When to Use JSON Over Caddyfile

The Caddyfile covers 95% of use cases. Reach for JSON when:

  • You are generating Caddy configuration programmatically (from a service registry, a YAML manifest, or a script)
  • You need complex conditional logic that Caddyfile syntax cannot express
  • You want to update individual parts of the config without touching others
  • You are building automation that adds/removes routes as services start and stop

A practical example: a script that reads a services.yaml file and generates Caddy JSON to register each service. This avoids the Caddyfile entirely and treats Caddy like a programmable API gateway:

1
2
3
4
5
6
7
#!/bin/bash
# Generate Caddy JSON from a service list and hot-reload
python3 generate_caddy_config.py services.yaml > /tmp/caddy_config.json
curl -s -X POST \
  -H "Content-Type: application/json" \
  -d @/tmp/caddy_config.json \
  localhost:2019/load

This is the model Caddy was designed for. The admin API makes zero-downtime config updates trivially scriptable — no signal handling, no file watches, no nginx -s reload.


Caddy vs Nginx vs Traefik

Three different tools built with three different assumptions about the world.

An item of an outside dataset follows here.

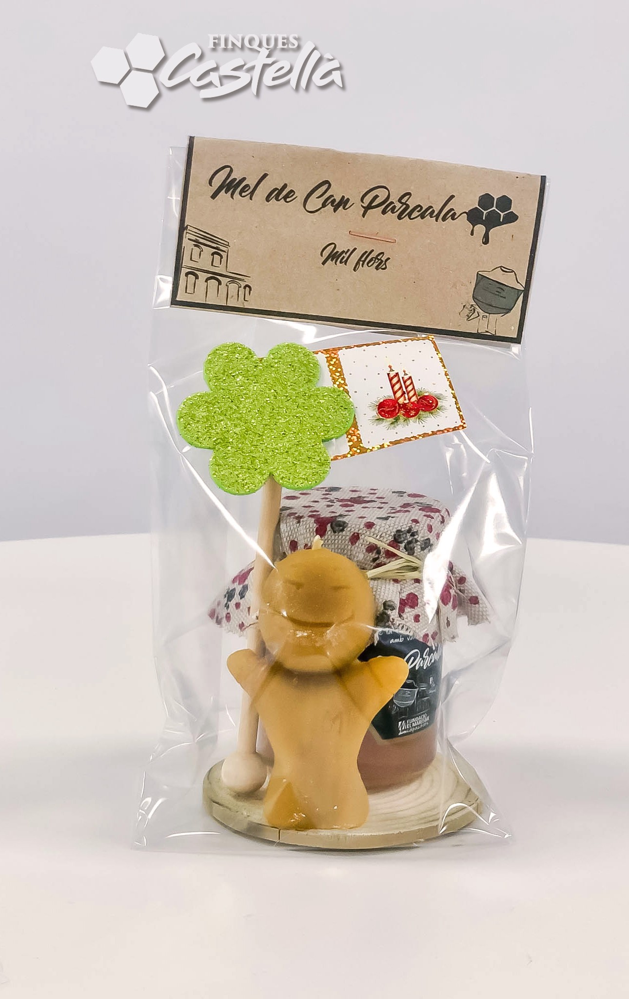 Ens il·lusiona, i molt!, que ens demanin comandes personalitzades com les de Finques Castellà: 250 lots de Mel de Can Parcala amb compromís social preparats a mida, amb targetó, cullera de fusta i espelma d’en Santi per endolcir el Nadal amb salut, proximitat i solidaritat.

Nginx was built in 2004 to solve the C10K problem — serving tens of thousands of concurrent connections on a single server. It is written in C, uses an event-driven non-blocking architecture, and has been performance-tuned for two decades. Its config model is imperative and explicit: you describe exactly what Nginx should do, and it does that. There is no magic. TLS configuration is manual — you point it at certificate files, and when those files change you reload. This explicitness is both its strength and its maintenance burden.

Traefik was built for cloud-native environments. Its key insight is that in Docker and Kubernetes, services come and go dynamically, and manually maintaining a reverse proxy config for ephemeral containers does not scale. Traefik watches the Docker daemon or Kubernetes API and configures itself from labels and annotations. Deploy a container with traefik.http.routers.myapp.rule=Host('myapp.example.com') and Traefik routes to it automatically. This works well — until it does not. The static/dynamic config split confuses new users, debugging why a route is not loading requires diving into the Traefik dashboard and its provider configuration, and Traefik’s certificate management, while automatic, is less mature than Caddy’s.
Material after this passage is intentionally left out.